-- RECORDS FOR THE TASK follows --

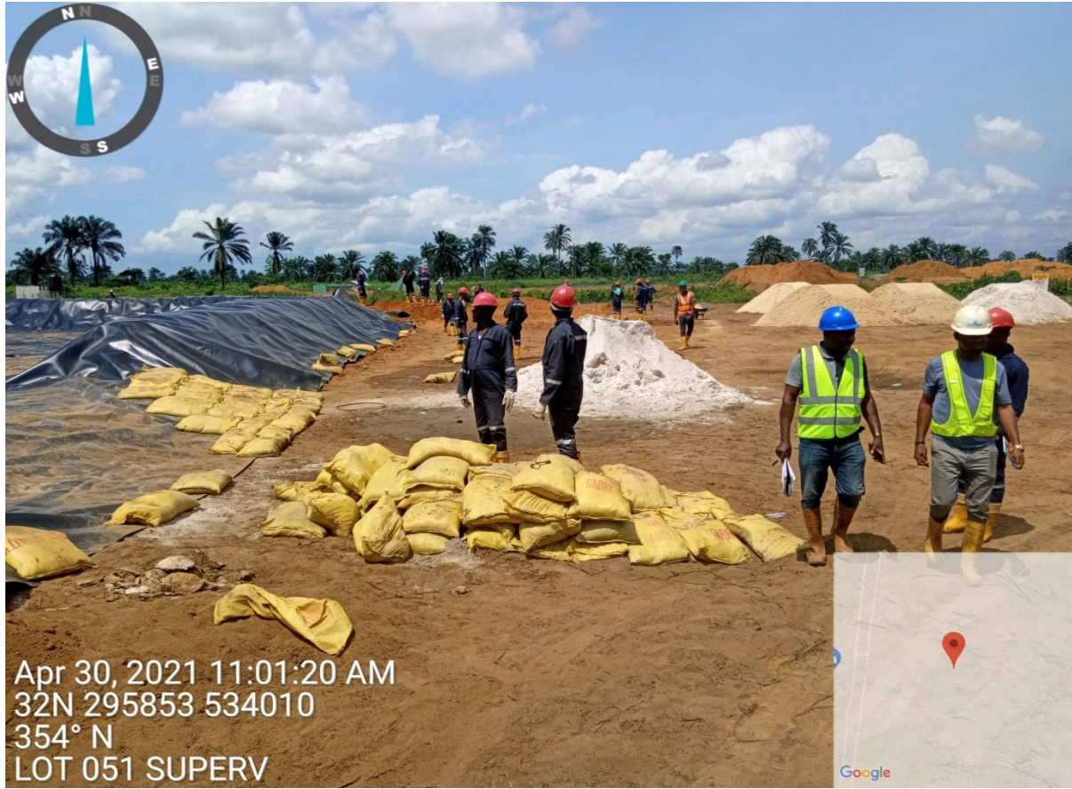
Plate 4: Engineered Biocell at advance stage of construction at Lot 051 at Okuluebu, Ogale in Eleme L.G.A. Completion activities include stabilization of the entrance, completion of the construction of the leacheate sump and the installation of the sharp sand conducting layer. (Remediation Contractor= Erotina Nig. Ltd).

-- RECORDS FOR THE TASK concluded --
-- RECORDS FOR THE TASK follows --

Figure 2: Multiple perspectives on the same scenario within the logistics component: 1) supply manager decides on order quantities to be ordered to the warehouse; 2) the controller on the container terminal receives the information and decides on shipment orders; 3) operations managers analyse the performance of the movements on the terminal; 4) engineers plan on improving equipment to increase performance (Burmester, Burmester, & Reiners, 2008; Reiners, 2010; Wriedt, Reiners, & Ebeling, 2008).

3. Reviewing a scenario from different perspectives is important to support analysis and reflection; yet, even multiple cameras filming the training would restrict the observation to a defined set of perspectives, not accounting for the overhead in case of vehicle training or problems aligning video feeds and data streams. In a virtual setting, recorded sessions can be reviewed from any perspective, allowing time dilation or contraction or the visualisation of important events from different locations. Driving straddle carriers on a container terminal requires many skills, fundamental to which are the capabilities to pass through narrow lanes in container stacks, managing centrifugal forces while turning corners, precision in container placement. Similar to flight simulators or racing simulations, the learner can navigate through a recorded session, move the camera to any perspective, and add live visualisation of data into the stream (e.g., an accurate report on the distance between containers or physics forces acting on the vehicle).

-- RECORDS FOR THE TASK concluded --

INSTRUCTIONS FOR THE TASK: In the listing above, find each line with the word "container" and copy it.

ANSWER TO THE EXERCISE:
Figure 2: Multiple perspectives on the same scenario within the logistics component: 1) supply manager decides on order quantities to be ordered to the warehouse; 2) the controller on the container terminal receives the information and decides on shipment orders; 3) operations managers analyse the performance of the movements on the terminal; 4) engineers plan on improving equipment to increase performance (Burmester, Burmester, & Reiners, 2008; Reiners, 2010; Wriedt, Reiners, & Ebeling, 2008).
3. Reviewing a scenario from different perspectives is important to support analysis and reflection; yet, even multiple cameras filming the training would restrict the observation to a defined set of perspectives, not accounting for the overhead in case of vehicle training or problems aligning video feeds and data streams. In a virtual setting, recorded sessions can be reviewed from any perspective, allowing time dilation or contraction or the visualisation of important events from different locations. Driving straddle carriers on a container terminal requires many skills, fundamental to which are the capabilities to pass through narrow lanes in container stacks, managing centrifugal forces while turning corners, precision in container placement. Similar to flight simulators or racing simulations, the learner can navigate through a recorded session, move the camera to any perspective, and add live visualisation of data into the stream (e.g., an accurate report on the distance between containers or physics forces acting on the vehicle).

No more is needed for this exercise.